With your nurturing campaign up and running, you can start grading your leads by giving each of them a score based on behaviors. These behaviors should be in response to your email lead nurturing campaign.

You can approach this lead categorization in several ways, typically using a numeric score. For example, prospects who are a good fit from a demographic/firmographic perspective should be placed in the top tier of sales-ready leads—but only if they’re showing interest by downloading ebooks and whitepapers in quick succession.

Start grading your prospects with a numeric score of 1 or 2. If one of these leads also takes the time to attend a webinar, bump them up as a priority. Your sales team should be trying to call them directly, or at least sending personal emails.

But these are obvious examples. There will be dozens of behavior combinations that may indicate a prospect’s readiness to convert. And those factors may not always be evident to you.

Instead of devoting your time to sifting through the data to score and categorize your leads, use your email marketing automation for scoring. It not only will save you the time from scoring and categorizing those leads manually, but it will also do a tremendously better job of grading leads accurately.

Here is a general example of how you can set up your scoring:

  • Open your welcome email – 5 points
  • Open 3 subsequent emails – 10 points each (30 points)
  • Click-through to your site – 15 points
  • Browse product page – 20 points
  • Download a whitepaper – 25 points
  • View a product tutorial – 50 points

In this case, leads with a score of 75 points can be categorized as sales-ready. And anything above 100 could be a signal that it’s time for your sales team to make a direct contact.

4. Segment your list for better lead scoring.

Another key part of setting up an effective lead scoring system involves dynamic list segmentation through marketing automation.

The dynamic segmentation feature of your marketing automation further supports your lead scoring strategy with minimal effort on your part.

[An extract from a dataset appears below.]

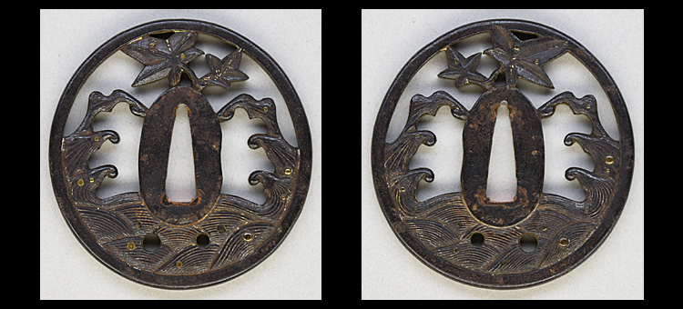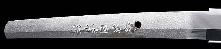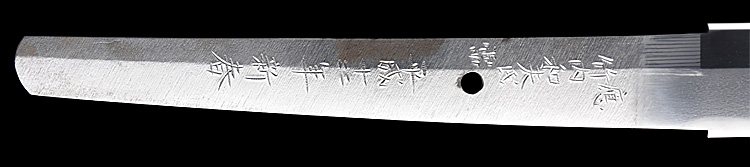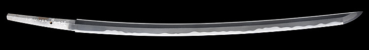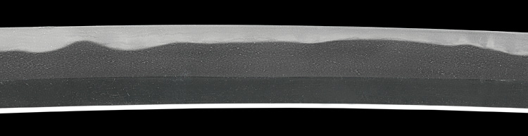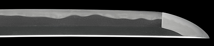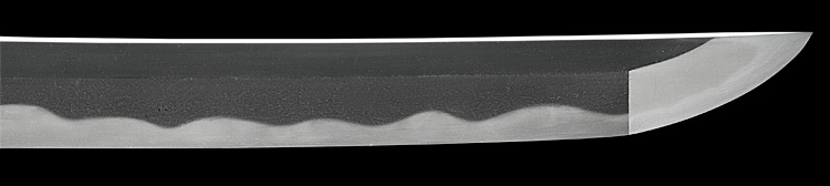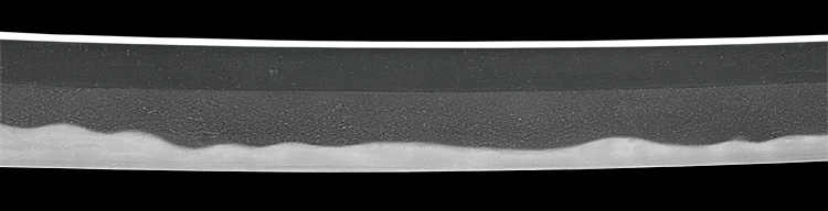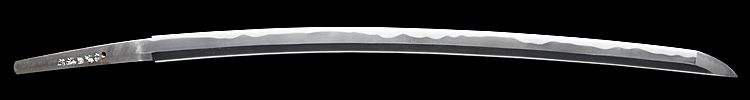 本造り庵棟 うぶ茎 小板目肌、杢交じりよく詰む。地沸微塵に厚くつき、細かな地景顕われ、淡く沸映り立つ。刃紋は湾れに互の目丁字、尖り心の刃交じる。匂い口やや深めに沸、小沸よくつく。沸足、葉盛んに働く。金筋、砂流し頻りにかかり、匂い口明るく冴える。出来良し。本名は古川信夫。宮入清平の門。無鑑査。黒呂塗鞘打刀拵付き。

Using the points system you’ve already established, marketing automation can be set up to segment your contacts—allowing you to send relevant email messages to the appropriate audiences in the right formats, all in real time.

Develop messaging for each segment in the acquisition cycle, based on the points assigned for each category. You can create sub-segments within the categories of new leads, warm leads, qualified leads and sales-qualified.

This segmentation, as well as messaging, should be constantly in flux, adjusting to reflect changes in the level of engagement among your subscribers. Subscribers within each segment may move more quickly than others and, therefore, should be treated to content personalized to their changing interests.

Another benefit of a lead scoring with email marketing is that you will start detecting the mix of activities among your subscribers that tend to lead to a conversion. Use this data to continue to fine-tune your content marketing strategy.

Through this cycle of lead scoring and the delivery of more relevant content, you will gain the ability to further nurture your segmented audiences. You also will become more efficient at widening the bottom of the funnel and gaining more sales-ready leads.